If testing the most efficient choice of parallel edges on the graph above, Edges AB, DE, and CF can all be tested in parallel the first cycle, followed by AD, BC, and EF during the second. This leaves only BE left for the third cycle.

If I am limited to only two parallel edges at once, I could then visit the edges in a number of ways, some more efficient than others. For example: AB and CF could be visited first, followed by BC and AD. this leaves BE, DE, and EF to be tested one at a time for a total of 5 cycles. This is less efficient than visiting AB and DE first, BC and EF second, AD and BE third, with CF as the final edge for a total of 4 cycles.

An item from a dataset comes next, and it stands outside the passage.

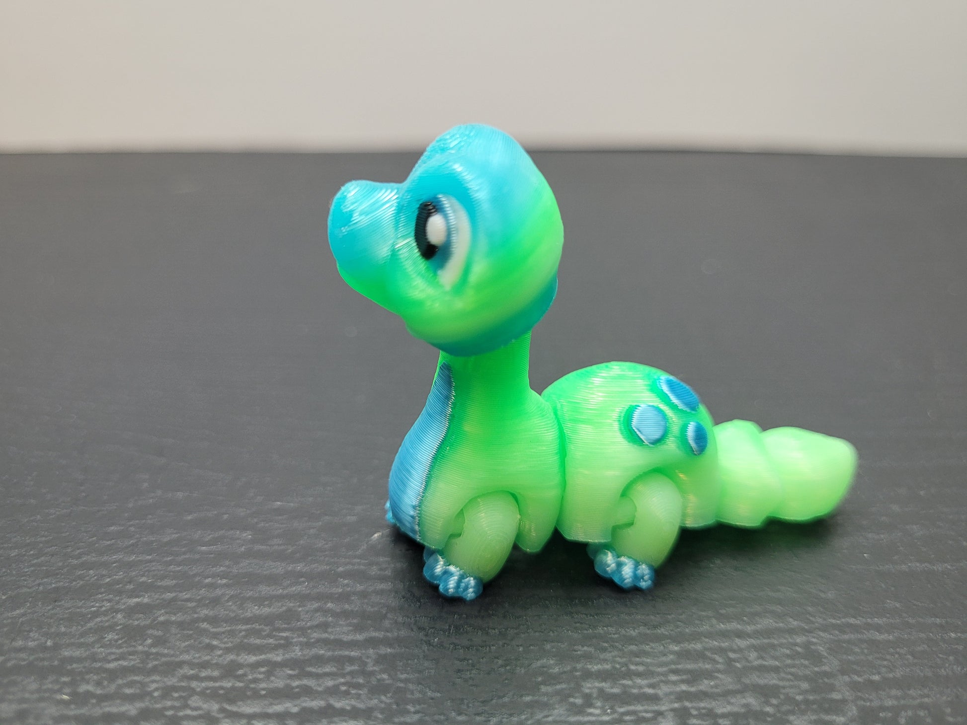 This long-necked brontosaurus wigglet gently sways and bends as you play with it. The articulated segments let it wiggle down a tabletop like a friendly prehistoric pet.
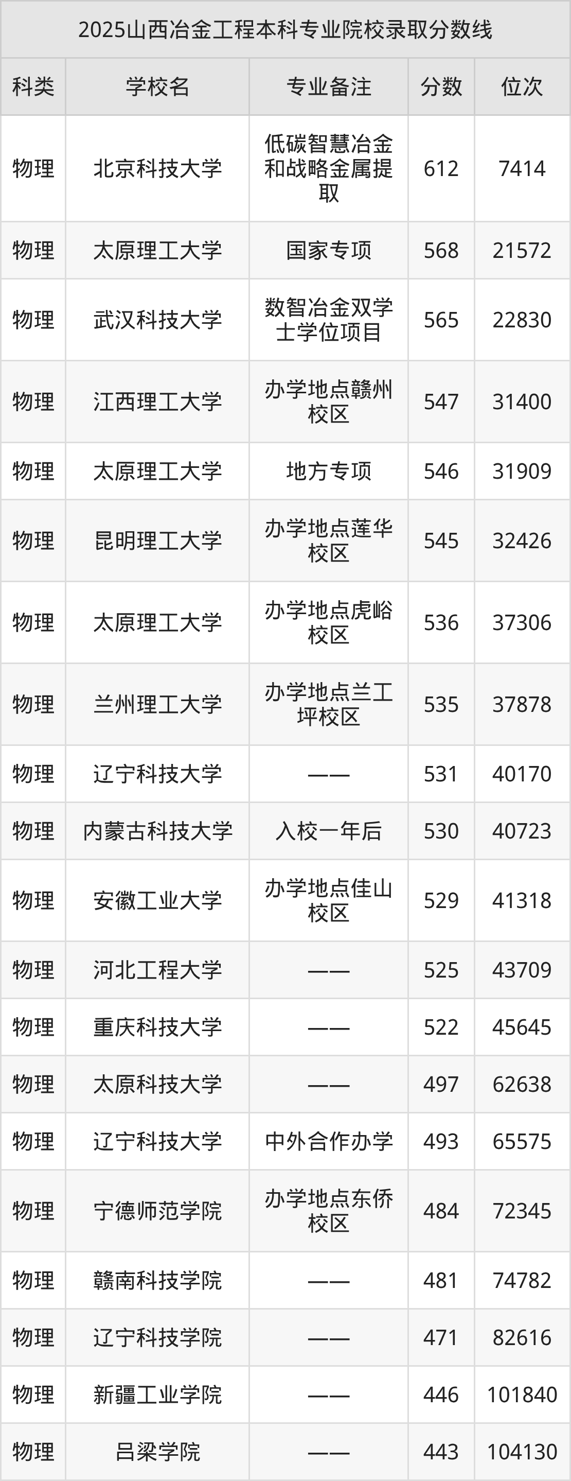 2025年山西冶金工程本科专业招生院校有17所,分数最低的是吕梁学院(443分、物理类位次104130名),分数最高的是北京科技大学(612分、物理类位次7414名)。

Is there an algorithm or practice that can be applied to find the most efficient path of visiting a graph in such a manner? My graphs are of variable size and connectivity, so I cannot personally solve and plan them even if I wanted to.

Any help or direction will be appreciated. It has been a while since have had a lesson in graph theory, so I do not remember if anything of this nature exists. I am currently approaching this issue theoretically, and have not yet started to try and implement any sort of programming on this aspect. As such, if my question is better directed elsewhere, I would be more than happy to move my question to the relevant Stack Exchange site.


Solution

  • This problem is edge coloring: https://en.wikipedia.org/wiki/Edge_coloring

    If you color the edges of your graph so that no two adjacent edges have the same color, then you can do one cycle for each color, testing all the edges of that color in parallel.

    Unfortunately, finding a coloring with the smallest number of colors is NP-hard.